7. The method according to claim 6, wherein the combustion gases are passed through at least three different heat exchangers in the direction of flow of the combustion gases in order to (i) first provide the reaction heat for reforming the methanol or ammonia, (ii) then provide the evaporation heat for evaporating the reformer feed, and (iii) finally preheat the air for the regeneration.
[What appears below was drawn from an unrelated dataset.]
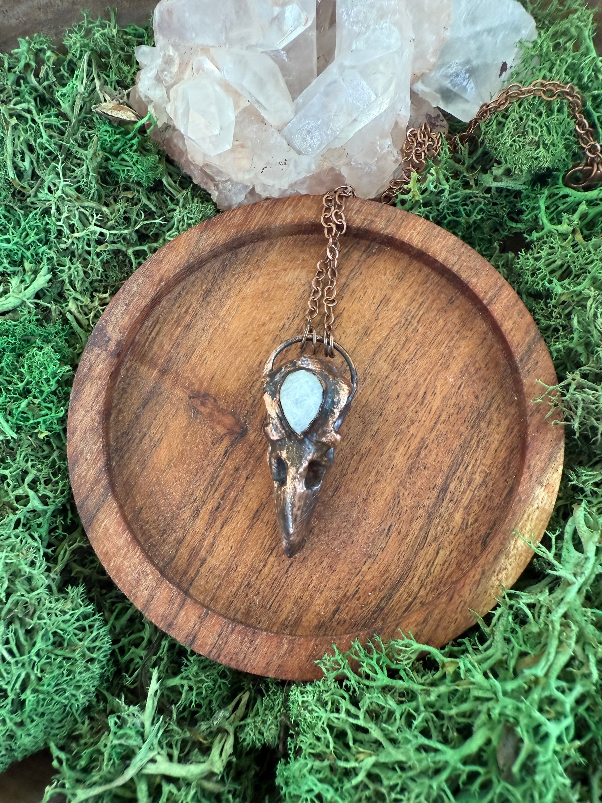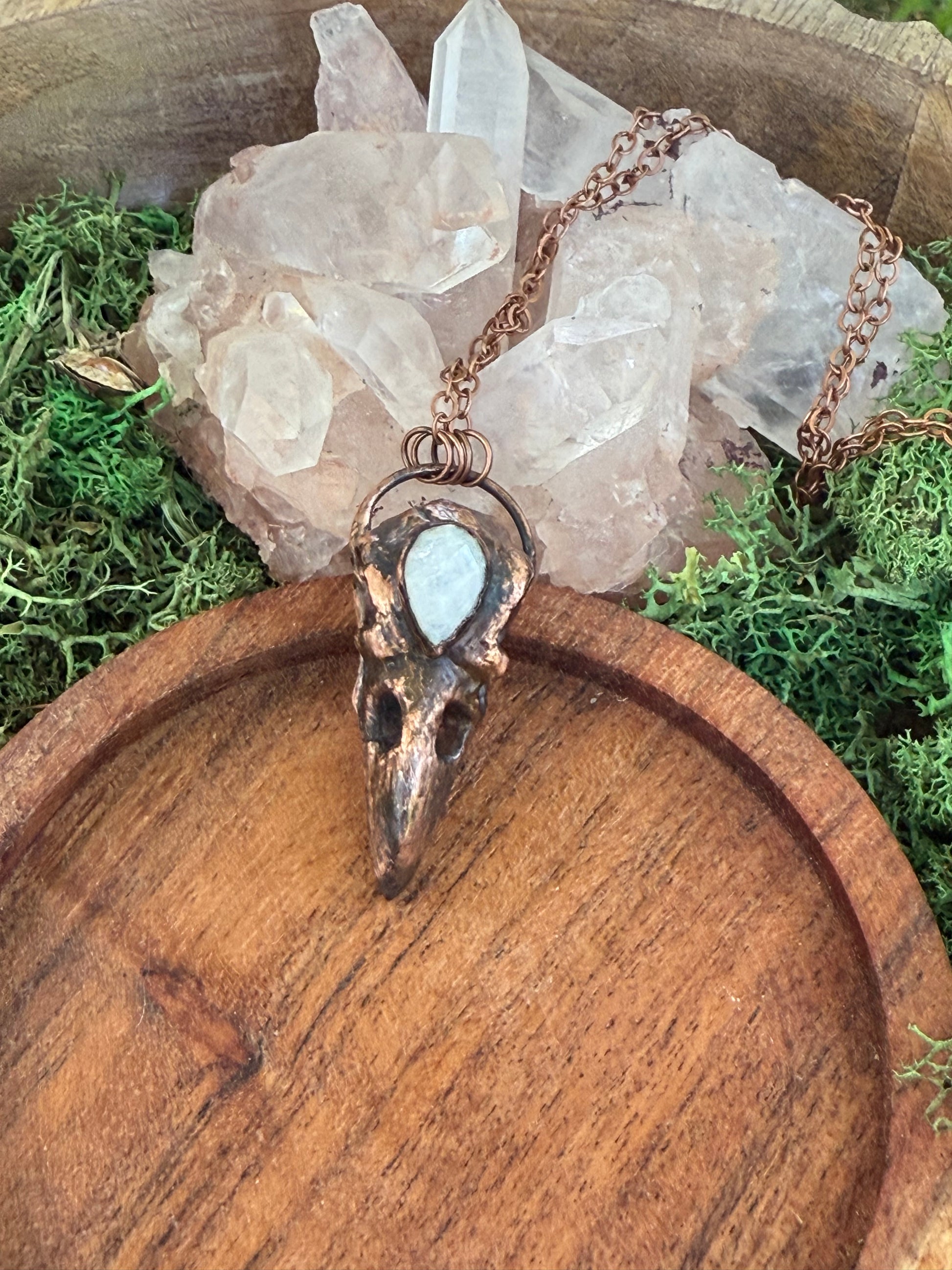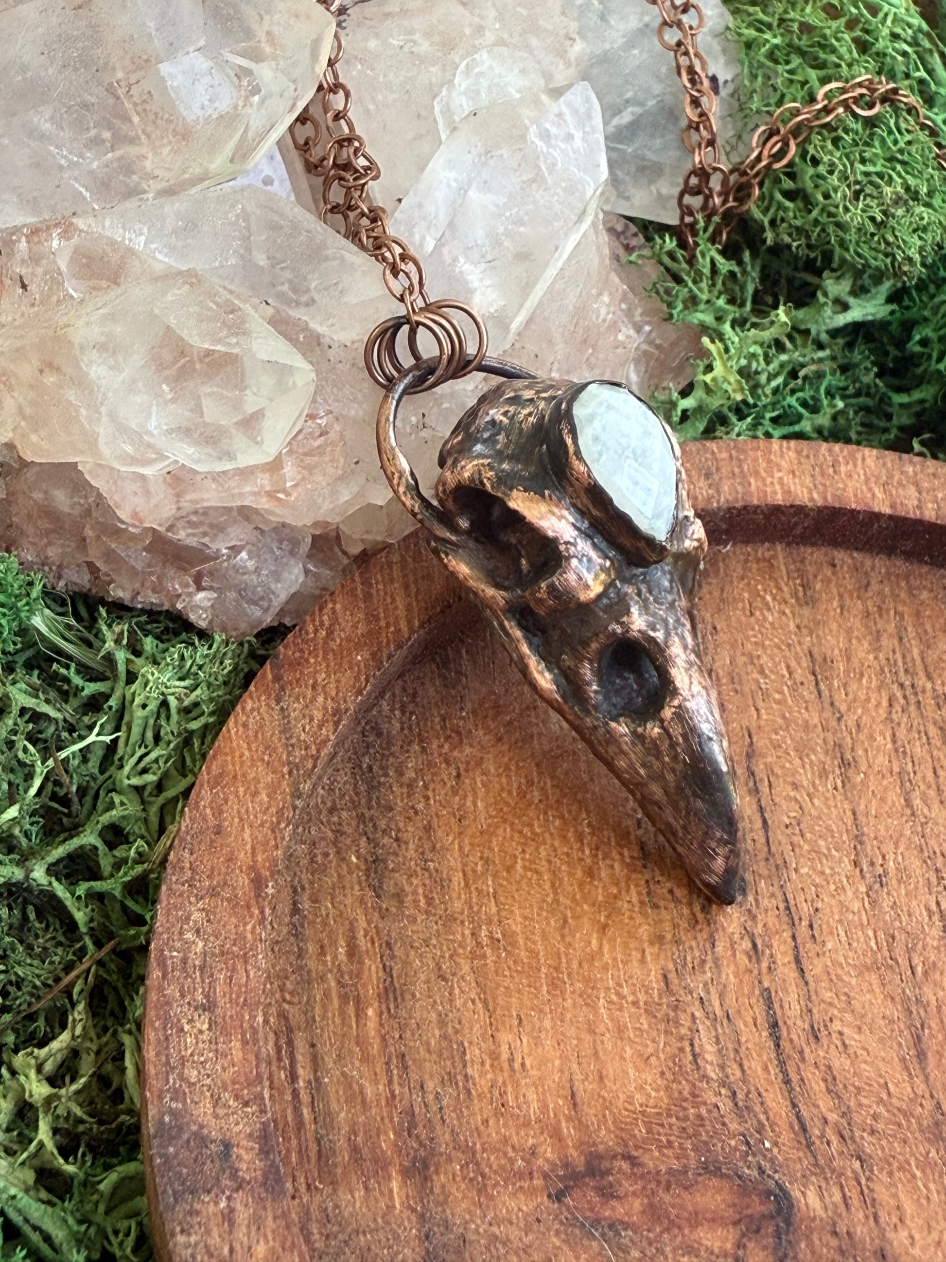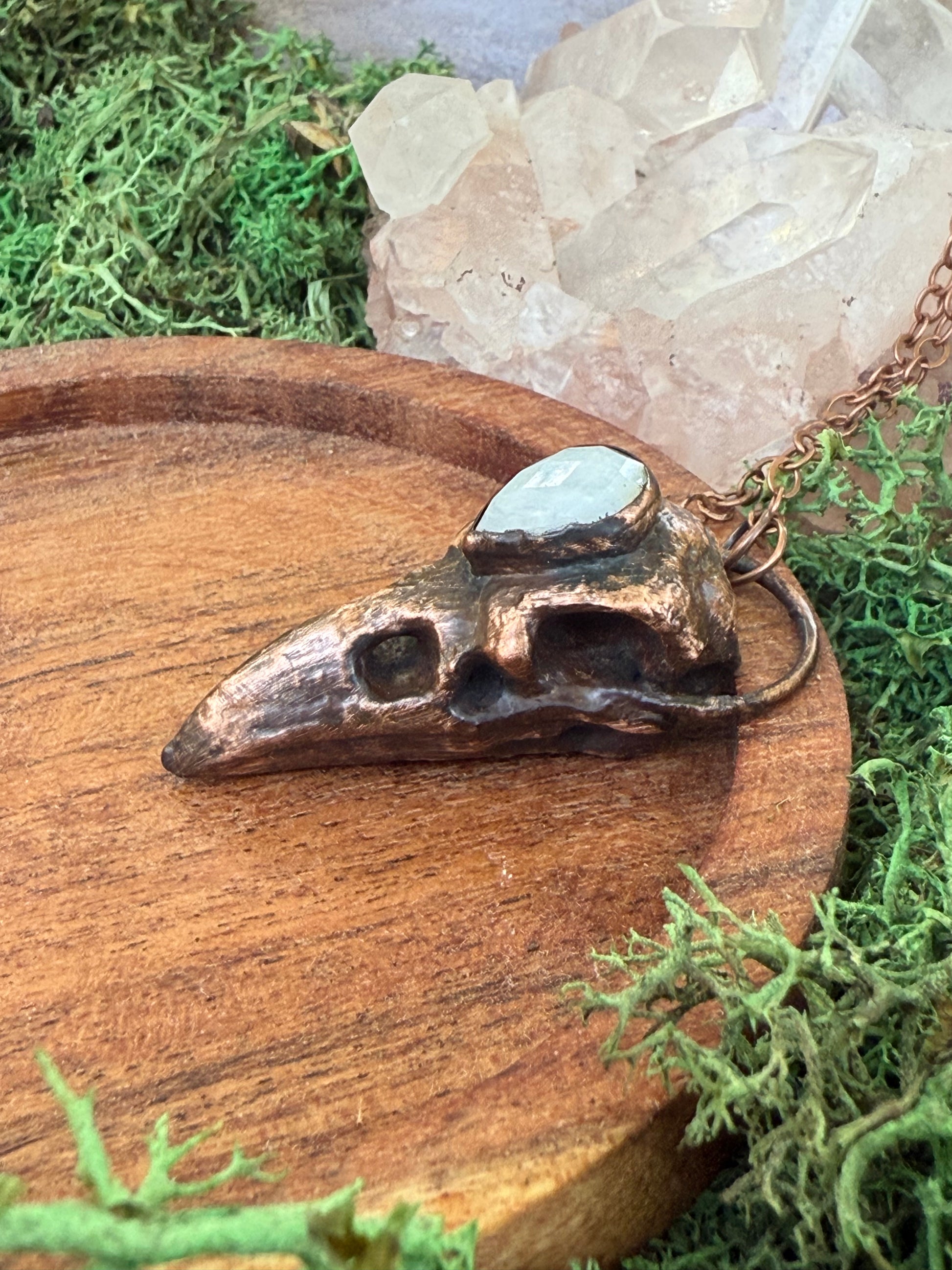 Electroformed Copper Raven Skull with Moonstone Necklace

8. The method according to claim 1, wherein the combustion gases are passed through at least three different heat exchangers in the direction of flow of the combustion gases in order to (i) first provide the reaction heat for reforming the methanol or ammonia, (ii) then provide the evaporation heat for evaporating the reformer feed, and (iii) finally preheat the feed upstream of the evaporator.

9. The method according to claim 8, wherein the reformate provides additional evaporation heat for evaporating the reformer feed in a heat exchanger before it enters the sorption step.

10. The method according to claim 1, wherein the reformate provides additional evaporation heat for evaporating the reformer feed in a heat exchanger before it enters the sorption step, and preheats the feed before the evaporator in a further heat exchanger.

11. The method according to claim 10, wherein the combustion gases are passed through at least three different heat exchangers in the direction of flow of the combustion gases in order to (i) first provide the reaction heat for reforming the methanol or ammonia, (ii) then provide the evaporation heat for evaporating the reformer feed, and (iii) finally further heat the preheated air.

12. The method for producing electricity from methanol or ammonia, wherein methanol or ammonia is evaporated in a first step, reformed in a second step to a hydrogen-containing gas mixture, in a third step the gaseous reformate is cooled to 25 to 200° C., in a fourth step the hydrogen and, in the case of ammonia, together with the nitrogen, are separated from the cooled gaseous reformate at a pressure of 1 to 60 bar and a temperature of 25 to 200° C. by a sorption process, and further electricity is produced from the separated hydrogen in a fuel cell, wherein, in parallel to the first steps, air is compressed and preheated in a fifth step, in a sixth step the adsorbent loaded with the extract is regenerated with the offgases from the anode and/or cathode side of the fuel cell, and in a seventh step the extract separated from the adsorbent is combusted with the air, wherein the combustion gases are passed through at least three different heat exchangers in the direction of flow of the combustion gases in order to (i) first provide the reaction heat for reforming the methanol or ammonia and to (ii) then provide the evaporation heat for evaporating the reformer feed, and finally to (iii) preheat the air and/or the extract separated from the adsorbent.

13. The method according to claim 12, wherein ammonia is used as the feed.

14. The method according to claim 12, wherein in the sixth step the adsorbent loaded with the extract is regenerated with the offgases of the anode and cathode sides of the fuel cell.

15. The method according to claim 12, wherein the reformate preheats the feed before the evaporator and/or the reformer feed after the evaporator in a heat exchanger before it enters the sorption step.